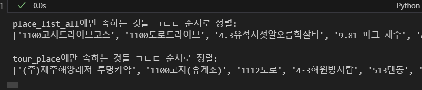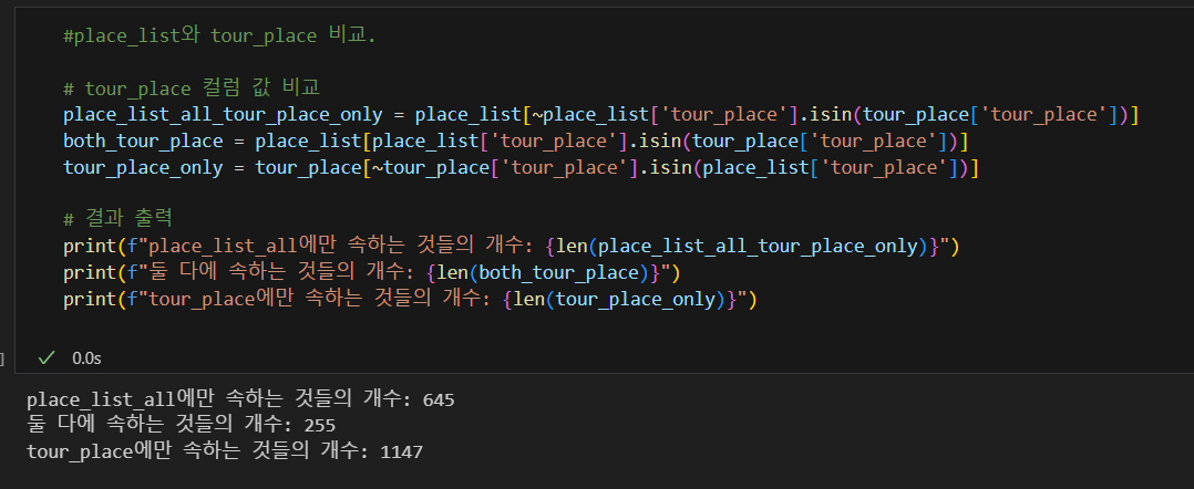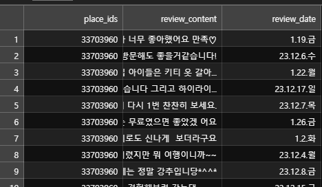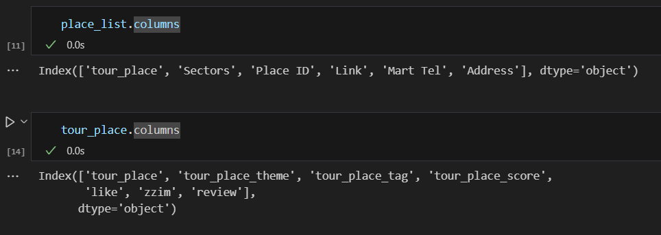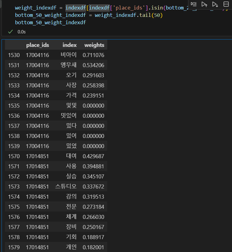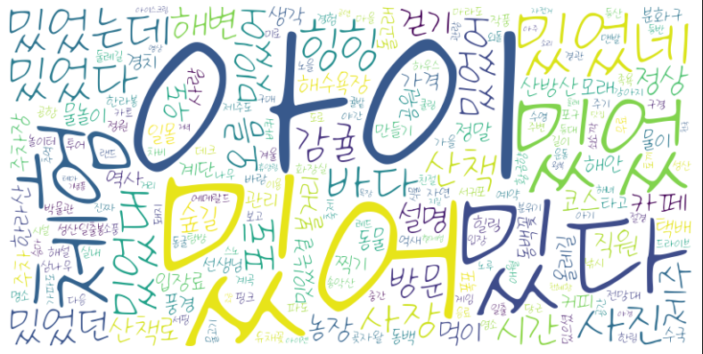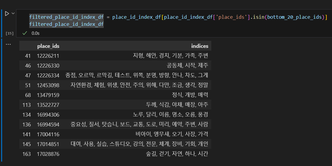 제일 위, 즉 오래되고 리뷰가 많은 데이터들은 아주 명사들이 잘 출력이 된 반면에 최근에 올라오고 리뷰가 적은 관광지들은 아주 형편이 없더군요.
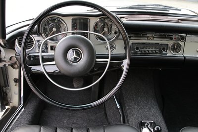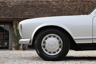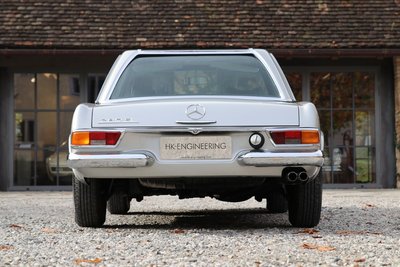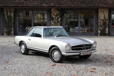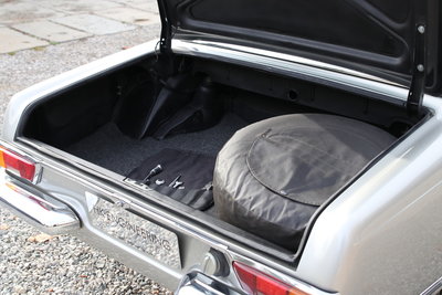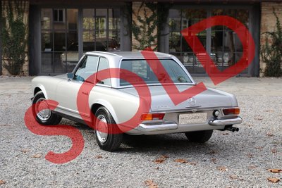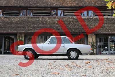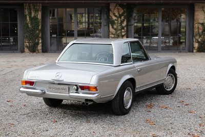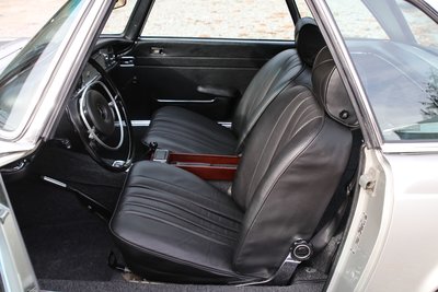This beautiful 280SL Pagoda was delivered in 1970 to its first owner in the USA, where the roadster will remain until 2016. Due to the very good substance of the body and technology the new owner decided to import it to Austria. There the pagoda was restored, the work carried out included a new paint job on bare metal in the classic silver-grey metallic DB180 as well as black leather upholstery and newly refurbished chrome. The soft top was reupholstered in black and the hardtop was restored. All wearing parts have been renewed as well as new tubes, tyres, steering, shock absorbers, seals and much more. The compression values of the engine are excellent! The automatic transmission including transmission converter and the injection pump have also been overhauled and are working perfectly. Get this completely overhauled pagoda with great driving values.
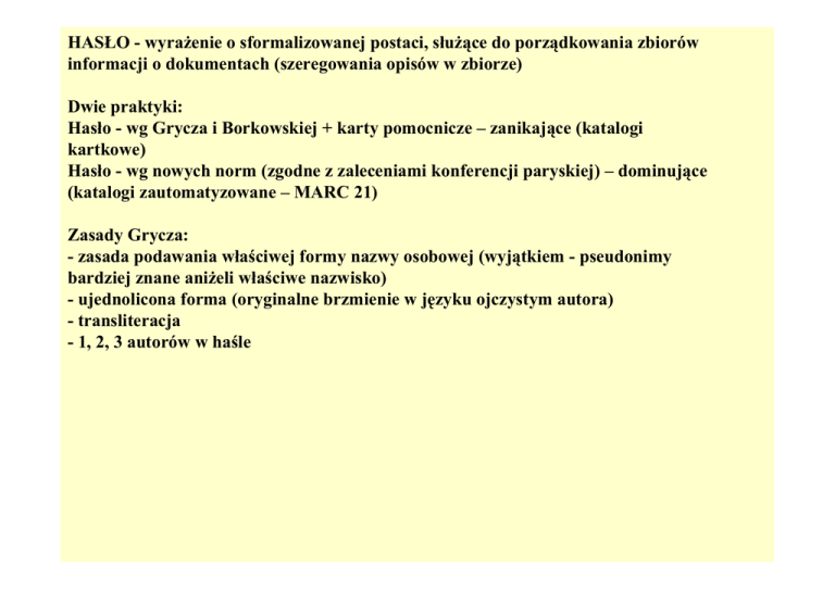 HASŁO - wyrażenie o sformalizowanej postaci, służące do porządkowania zbiorów informacji o dokumentach (szeregowania opisów w zbiorze) Dwie praktyki: Hasło - wg Grycza i Borkowskiej + karty pomocnicze – zanikające (katalogi kartkowe) Hasło - wg nowych norm (zgodne z zaleceniami konferencji paryskiej) – dominujące (katalogi zautomatyzowane – MARC 21) Zasady Grycza: - zasada podawania właściwej formy nazwy osobowej (wyjątkiem - pseudonimy bardziej znane aniżeli właściwe nazwisko) - ujednolicona forma (oryginalne brzmienie w języku ojczystym autora) - transliteracja - 1, 2, 3 autorów w haśle Hasło tytułowe (pierwszy wyraz tytułu z pominięciem rodzajników i liczebników porządkowych) dla: - prac zbiorowych - prac anonimowych Nazwa osobowa w oryginalnym brzmieniu: El’cin Boris Nikolaevič nie: Jelcyn Borys Yeltsin Boris Nikolayevich Eltsin Boris Karta główna - pełny opis dokumentu Karty pomocnicze - odesłanie do karty głównej - odsyłacze (od formy nie przyjętej jako hasło k. głównej) - - autorskie - ogólne i szczegółowe - - tytułowe - ogólne i szczegółowe - karta cząstkowa - karta zbiorowa Odsyłacz ogólny autorski - od formy lub części nazwy osobowej, która nie tworzy hasła, od pseudonimu (anagramu) do właściwej nazwy osobowej Odsyłacz szczegółowy autorski - od drugiego i trzeciego autora, od współpracowników (red. naukowy, tłumacz, autor tekstu dodatkowego, ew. ilustrator), od drugiego i trzeciego korespondenta itp., dla rozwiązanego kryptonimu Odsyłacz ogólny tytułowy - dla haseł ksiąg biblijnych, dla oryginalnych tytułów anonimowych dzieł klasycznych Odsyłacz szczegółowy tytułowy - dla nie rozwiązanego kryptonimu, rozwiązanego kryptogramu, dla dzieł anonimowych o rozwiązanym autorstwie, dla druków o wątpliwym autorstwie, dla antologii Karta cząstkowa - dla współwydanych tekstów, dla poszczególnych tomów zbiorowego wydania dzieł jednego autora, dla wielotomowych prac zbiorowych, których tomy posiadają własne tytuły Karta zbiorowa – wykaz tomów serii Erasmus Desiderius Rotterodamus ___________________________________________________________________________________________ Wybór pism / Erazm z Rotterdamu ; przeł. [z łac.] Maria Cytowska, Edwin Jędrkiewicz, Mieczysław Mejor ; wybór, wstęp i komentarze M. Cytowska Wrocław ; Kraków : Zakład Narodowy im. Ossolińskich, 1992. - CXXXII, 459 s. ; 17 cm (Biblioteka Narodowa. Seria 2, ISSN 0406-0636 ; nr 231) ISBN 83-04-03289-9 Erazm z Rotterdamu ____________________________________________________________ zob. Erasmus Desiderius Rotterodamus Odsyłacz ogólny autorski Pałyga Edward Józef ____________________________________________________________________________________________ Nuncjusze warszawscy w XX w[ieku] / Józef M. Ogiński [pseud.] Warszawa : "Heliodor" : nakł. FAFM, 1991. - 34, [2] s. : 1 fot., 1 portr. ; 20 cm (Biblioteka Fundacji im. Andrzeja Frycza Modrzewskiego ; 1 . Historia et Politica ; 1) ISBN 83-900053-1-X ======================================================================================= Pałyga Edward Józef ____________________________________________________________________________________________ Dyplomatyczni przedstawiciele przy Stolicy Apostolskiej w XX w[ieku] / Józef M. Ogiński [pseud.] Warszawa : "Heliodor" : nakł. FAFM , 199 . - 43, [1] s. : 1 fot., 3 portr. (w tym kolor.) ; 21 cm (Biblioteka Fundacji im. Andrzeja Frycza Modrzewskiego ; 10 . Historia et Politica ; 2) ISBN 83-900920-1-8 Ogiński Józef M. [pseud.] ______________________________________________ zob. Pałyga Edward Józef [nazw.] Ods. ogólny autorski Esenin Sergej Aleksandrovič ____________________________________________________________________________________ Inonia i inne wiersze / Sergiusz Jesienin ; wybrał, przeł. [z ros.] i posłowiem opatrzył Adam Pomorski Warszawa : Młodzieżowa Agencja Wydawnicza, 1984 . - 282, [2] s. ; 17 cm ISBN 83-203-1900-5 ==================================================================================== Esenin Sergej Aleksandrovič _______________________________________________________________________________________ Czarny człowiek i inne wiersze / Sergiusz Jesienin ; [przedm. Józef Andrzej Grochowina] Warszawa : Wydaw. Bohdana Wrocławskiego, 1994 . - 221, [3] s. ; 12 cm (Poeci Świata) ISBN 83-85996-04-4 Jesienin Sergiusz ______________________________________________ zob. Esenin Sergej Aleksandrovič Falniowska- Grabowska Alicja ________________________________________________________________________________ Królewszczyzny i starostowie w dawnej Rzeczypospolitej / Alicja Falniowska-Grabowska Wrocław ; Kraków : Zakład Narodowy im. Ossolińskich, 1984 . - 63, [1] s.; 19 cm (Nauka dla Wszystkich, ISSN 0077-6181 ; nr 375) ISBN 83-04-01850-0 =================================================================================== Grabowska Alicja Falniowska ___________________________________________________________________________________ zob. Falniowska - Grabowska Alicja Odsyłacz ogólny autorski Polanowska Danuta, Tyszer Beata ___________________________________________________________________________________________ Środowisko wokół nas : gry, zabawy i ćwiczenia dla klasy III / Danuta Polanowska, Beata Tyszer Kielce : Wydaw. Pedagogiczne ZNP, 1994. - 49 s., [2] k.tabl. : rys., wykr. ; 30 cm ISBN 83-85230-29-7 ====================================================================================== Tyszer Beata [współaut.] ___________________________________________________________________________________________ zob. Polanowska Danuta, Tyszer Beata Środowisko wokół nas : gry, zabawy i ćwiczenia dla klasy III Kielce, 1994 Ods. szczegółowy autorski Cytowska Maria [tł.] __________________________________________________ zob. Erasmus Desiderius Rotterodamus Wybór pism. Wrocław ; Kraków, 1992 Ods. szczegółowy autorski Ronikierowa Maria _____________________________________________

## WORK ITEM
Restate, line by line and word for word, everything from the top of the material through the line that contains "This beautiful 280SL". Leave pictures out.

## REPLY TO THE TASK
 제일 위, 즉 오래되고 리뷰가 많은 데이터들은 아주 명사들이 잘 출력이 된 반면에 최근에 올라오고 리뷰가 적은 관광지들은 아주 형편이 없더군요.
This beautiful 280SL Pagoda was delivered in 1970 to its first owner in the USA, where the roadster will remain until 2016. Due to the very good substance of the body and technology the new owner decided to import it to Austria. There the pagoda was restored, the work carried out included a new paint job on bare metal in the classic silver-grey metallic DB180 as well as black leather upholstery and newly refurbished chrome. The soft top was reupholstered in black and the hardtop was restored. All wearing parts have been renewed as well as new tubes, tyres, steering, shock absorbers, seals and much more. The compression values of the engine are excellent! The automatic transmission including transmission converter and the injection pump have also been overhauled and are working perfectly. Get this completely overhauled pagoda with great driving values.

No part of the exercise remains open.